Let's learn how to count occurrences of a specific value in columns within a Pandas DataFrame using .value_counts() method and conditional filtering.
Count Occurrences of Specific Values using value_counts()
To count occurrences of values in a Pandas DataFrame, use the value_counts() method. This function helps analyze the frequency of values within a specific column or the entire Pandas DataFrame.
Let's start by setting up a sample DataFrame to demonstrate these methods. The DataFrame contains four columns: 'name', 'subjects', 'marks' and 'age'
# Example: Count Values in a DataFrame Column
import pandas as pd
# Create a DataFrame with 5 rows and 4 columns
data = pd.DataFrame({
'name': ['sravan', 'ojsawi', 'bobby', 'rohith',
'gnanesh', 'sravan', 'sravan', 'ojaswi'],
'subjects': ['java', 'php', 'java', 'php', 'java',
'html/css', 'python', 'R'],
'marks': [98, 90, 78, 91, 87, 78, 89, 90],
'age': [11, 23, 23, 21, 21, 21, 23, 21]
})
count_sravan = data['name'].value_counts().get('sravan', 0)
print("Occurrences of 'sravan':", count_sravan)
count_ojaswi = data['name'].value_counts().get('ojaswi', 0)
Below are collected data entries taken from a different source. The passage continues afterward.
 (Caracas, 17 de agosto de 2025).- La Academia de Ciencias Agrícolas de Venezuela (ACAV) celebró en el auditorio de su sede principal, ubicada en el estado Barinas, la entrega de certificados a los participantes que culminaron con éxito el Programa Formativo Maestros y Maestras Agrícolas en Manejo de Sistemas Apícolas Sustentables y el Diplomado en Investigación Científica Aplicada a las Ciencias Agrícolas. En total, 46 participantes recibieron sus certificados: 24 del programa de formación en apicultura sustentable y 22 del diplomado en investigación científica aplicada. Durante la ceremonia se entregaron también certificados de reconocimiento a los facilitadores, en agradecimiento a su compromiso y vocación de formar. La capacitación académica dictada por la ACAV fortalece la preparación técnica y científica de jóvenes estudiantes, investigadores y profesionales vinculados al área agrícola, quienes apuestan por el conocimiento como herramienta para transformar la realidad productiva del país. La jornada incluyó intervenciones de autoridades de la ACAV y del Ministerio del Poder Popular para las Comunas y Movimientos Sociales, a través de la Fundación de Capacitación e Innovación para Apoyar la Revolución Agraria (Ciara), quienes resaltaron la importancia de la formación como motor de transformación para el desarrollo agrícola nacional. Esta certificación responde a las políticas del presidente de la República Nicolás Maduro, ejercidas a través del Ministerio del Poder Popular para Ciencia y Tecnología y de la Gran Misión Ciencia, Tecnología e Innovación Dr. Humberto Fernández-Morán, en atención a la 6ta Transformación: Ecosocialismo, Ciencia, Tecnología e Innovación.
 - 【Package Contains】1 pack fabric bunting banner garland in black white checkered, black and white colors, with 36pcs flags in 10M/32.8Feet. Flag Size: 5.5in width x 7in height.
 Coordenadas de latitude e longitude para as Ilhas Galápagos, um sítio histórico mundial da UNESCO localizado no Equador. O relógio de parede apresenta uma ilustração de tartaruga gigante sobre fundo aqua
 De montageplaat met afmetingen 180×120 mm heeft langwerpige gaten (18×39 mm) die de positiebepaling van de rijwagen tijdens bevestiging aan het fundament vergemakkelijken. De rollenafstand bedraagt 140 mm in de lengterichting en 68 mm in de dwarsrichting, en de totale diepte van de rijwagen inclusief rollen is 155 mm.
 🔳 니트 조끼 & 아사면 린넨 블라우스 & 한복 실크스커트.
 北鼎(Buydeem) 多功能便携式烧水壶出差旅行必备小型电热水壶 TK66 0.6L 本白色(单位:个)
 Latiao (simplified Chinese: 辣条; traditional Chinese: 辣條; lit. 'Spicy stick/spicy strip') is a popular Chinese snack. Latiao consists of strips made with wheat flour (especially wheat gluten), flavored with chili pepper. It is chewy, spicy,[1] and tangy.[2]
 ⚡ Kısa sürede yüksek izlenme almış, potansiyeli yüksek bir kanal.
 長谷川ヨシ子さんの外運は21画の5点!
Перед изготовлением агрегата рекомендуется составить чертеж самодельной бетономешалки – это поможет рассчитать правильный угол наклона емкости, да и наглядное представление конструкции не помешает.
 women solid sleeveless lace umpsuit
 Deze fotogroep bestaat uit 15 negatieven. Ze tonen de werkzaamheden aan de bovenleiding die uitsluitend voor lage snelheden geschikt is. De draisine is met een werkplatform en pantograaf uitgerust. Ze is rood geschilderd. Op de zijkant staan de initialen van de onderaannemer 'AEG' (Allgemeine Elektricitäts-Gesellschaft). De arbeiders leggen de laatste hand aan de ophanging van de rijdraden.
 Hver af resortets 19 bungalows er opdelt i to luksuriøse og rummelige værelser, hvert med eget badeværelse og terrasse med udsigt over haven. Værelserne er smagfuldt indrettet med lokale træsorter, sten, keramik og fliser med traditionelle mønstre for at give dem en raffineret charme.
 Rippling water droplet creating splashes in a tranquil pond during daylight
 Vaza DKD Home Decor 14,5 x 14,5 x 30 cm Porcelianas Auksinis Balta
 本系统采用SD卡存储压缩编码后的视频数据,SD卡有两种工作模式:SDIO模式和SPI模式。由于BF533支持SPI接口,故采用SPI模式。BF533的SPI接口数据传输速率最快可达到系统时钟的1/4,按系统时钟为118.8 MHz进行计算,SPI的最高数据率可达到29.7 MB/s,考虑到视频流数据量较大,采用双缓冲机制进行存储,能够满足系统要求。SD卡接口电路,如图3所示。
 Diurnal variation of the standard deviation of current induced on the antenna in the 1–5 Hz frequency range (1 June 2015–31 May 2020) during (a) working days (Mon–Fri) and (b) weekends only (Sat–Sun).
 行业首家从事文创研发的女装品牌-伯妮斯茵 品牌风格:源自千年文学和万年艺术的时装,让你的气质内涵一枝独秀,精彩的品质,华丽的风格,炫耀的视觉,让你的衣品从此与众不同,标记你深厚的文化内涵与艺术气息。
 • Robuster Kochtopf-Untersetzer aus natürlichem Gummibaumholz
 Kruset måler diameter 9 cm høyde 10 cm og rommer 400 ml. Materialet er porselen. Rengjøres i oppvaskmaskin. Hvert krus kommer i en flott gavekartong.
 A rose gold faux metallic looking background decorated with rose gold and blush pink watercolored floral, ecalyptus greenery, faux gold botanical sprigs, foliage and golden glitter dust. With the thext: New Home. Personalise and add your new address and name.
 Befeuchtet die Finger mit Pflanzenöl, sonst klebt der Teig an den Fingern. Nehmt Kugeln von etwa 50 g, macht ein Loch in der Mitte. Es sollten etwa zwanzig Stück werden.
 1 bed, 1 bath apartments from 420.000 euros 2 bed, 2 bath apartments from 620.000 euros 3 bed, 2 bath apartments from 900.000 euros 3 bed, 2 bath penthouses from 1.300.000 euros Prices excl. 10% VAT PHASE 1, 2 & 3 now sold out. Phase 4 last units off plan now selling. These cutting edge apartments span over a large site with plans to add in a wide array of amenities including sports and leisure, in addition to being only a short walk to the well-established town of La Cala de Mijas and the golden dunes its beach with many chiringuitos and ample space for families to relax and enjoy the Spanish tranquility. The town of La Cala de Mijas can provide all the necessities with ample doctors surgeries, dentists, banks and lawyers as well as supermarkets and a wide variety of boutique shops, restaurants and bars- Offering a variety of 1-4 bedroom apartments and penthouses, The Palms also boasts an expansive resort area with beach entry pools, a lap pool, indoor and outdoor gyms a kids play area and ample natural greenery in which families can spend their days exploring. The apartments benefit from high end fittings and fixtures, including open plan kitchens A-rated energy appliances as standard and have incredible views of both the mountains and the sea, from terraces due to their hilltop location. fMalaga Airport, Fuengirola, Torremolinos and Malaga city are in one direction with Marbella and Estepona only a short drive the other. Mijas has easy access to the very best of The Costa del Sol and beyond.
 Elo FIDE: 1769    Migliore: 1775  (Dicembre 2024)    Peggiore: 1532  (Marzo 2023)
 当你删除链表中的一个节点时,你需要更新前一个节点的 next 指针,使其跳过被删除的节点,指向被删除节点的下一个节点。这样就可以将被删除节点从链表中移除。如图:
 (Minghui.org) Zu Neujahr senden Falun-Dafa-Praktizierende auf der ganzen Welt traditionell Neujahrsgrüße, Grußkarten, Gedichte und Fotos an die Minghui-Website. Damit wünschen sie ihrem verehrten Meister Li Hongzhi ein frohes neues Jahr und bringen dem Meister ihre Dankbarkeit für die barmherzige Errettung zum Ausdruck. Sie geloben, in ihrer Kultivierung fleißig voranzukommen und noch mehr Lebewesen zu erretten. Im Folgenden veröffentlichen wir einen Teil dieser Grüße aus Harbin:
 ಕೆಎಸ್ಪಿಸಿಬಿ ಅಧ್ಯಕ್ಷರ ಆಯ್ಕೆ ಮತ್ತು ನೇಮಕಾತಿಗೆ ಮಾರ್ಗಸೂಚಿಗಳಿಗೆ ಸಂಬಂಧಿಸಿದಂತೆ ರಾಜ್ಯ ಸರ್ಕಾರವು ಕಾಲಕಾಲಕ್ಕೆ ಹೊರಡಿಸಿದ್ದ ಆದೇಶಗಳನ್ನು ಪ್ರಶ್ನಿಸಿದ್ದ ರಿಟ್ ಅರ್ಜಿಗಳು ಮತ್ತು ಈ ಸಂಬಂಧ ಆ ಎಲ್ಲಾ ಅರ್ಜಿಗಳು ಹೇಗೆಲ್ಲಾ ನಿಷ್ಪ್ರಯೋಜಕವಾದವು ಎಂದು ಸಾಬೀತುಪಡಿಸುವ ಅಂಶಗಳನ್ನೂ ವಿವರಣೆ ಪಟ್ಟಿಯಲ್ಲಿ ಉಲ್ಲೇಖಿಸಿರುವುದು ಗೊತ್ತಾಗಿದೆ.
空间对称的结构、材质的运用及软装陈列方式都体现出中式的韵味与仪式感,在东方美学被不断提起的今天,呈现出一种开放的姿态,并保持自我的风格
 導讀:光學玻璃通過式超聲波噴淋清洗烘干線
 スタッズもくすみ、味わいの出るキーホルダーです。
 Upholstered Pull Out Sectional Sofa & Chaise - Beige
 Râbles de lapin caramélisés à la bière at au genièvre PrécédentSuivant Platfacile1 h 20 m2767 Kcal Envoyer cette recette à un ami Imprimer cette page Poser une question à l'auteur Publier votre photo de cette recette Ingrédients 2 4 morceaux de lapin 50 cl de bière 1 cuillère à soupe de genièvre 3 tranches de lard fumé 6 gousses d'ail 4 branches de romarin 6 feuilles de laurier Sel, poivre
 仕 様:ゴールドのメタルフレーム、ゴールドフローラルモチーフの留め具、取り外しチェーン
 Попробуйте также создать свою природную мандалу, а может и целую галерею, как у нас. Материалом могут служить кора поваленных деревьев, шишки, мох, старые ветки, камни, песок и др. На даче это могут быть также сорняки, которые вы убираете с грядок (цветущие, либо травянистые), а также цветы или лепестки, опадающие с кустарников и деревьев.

print("Occurrences of 'ojaswi':", count_ojaswi)
Output:
Occurrences of 'sravan': 3
Occurrences of 'ojaswi': 1
Each value_counts() method call specifies the column and value of interest to return the count of occurrences.
Syntax: data['column_name'].value_counts()[value]
where
- data: the input DataFrame.
- column_name: the target column in the DataFrame.
- value: the specific string or integer value to be counted within the column.
We can also count the occurrences of a specific value in a pandas column using following methods:
Table of Content
Using Conditional Filtering with sum()
This method compares values in the column with the specified value and then sums up True values, representing the count.
count_sravan = (data['name'] == 'sravan').sum()
print("Occurrences of 'sravan':", count_sravan)
count_gnanesh = (data['name'] == 'gnanesh').sum()
print("Occurrences of 'gnanesh':", count_gnanesh)
Output:
Occurrences of 'sravan': 3
Occurrences of 'gnanesh': 1
Using count() after Conditional Filtering
This approach filters the DataFrame for rows matching the condition, then counts the resulting rows.
count_sravan = data[data['name'] == 'sravan'].count()['name']
print("Occurrences of 'sravan':", count_sravan)
count_bobby = data[data['name'] == 'bobby'].count()['name']
print("Occurrences of 'bobby':", count_bobby)
Output:
Occurrences of 'sravan': 3
Occurrences of 'bobby': 1
Using len() after Conditional Filtering
Similar to the previous method, this one uses len() to get the length of the filtered DataFrame directly.
count_sravan = len(data[data['name'] == 'sravan'])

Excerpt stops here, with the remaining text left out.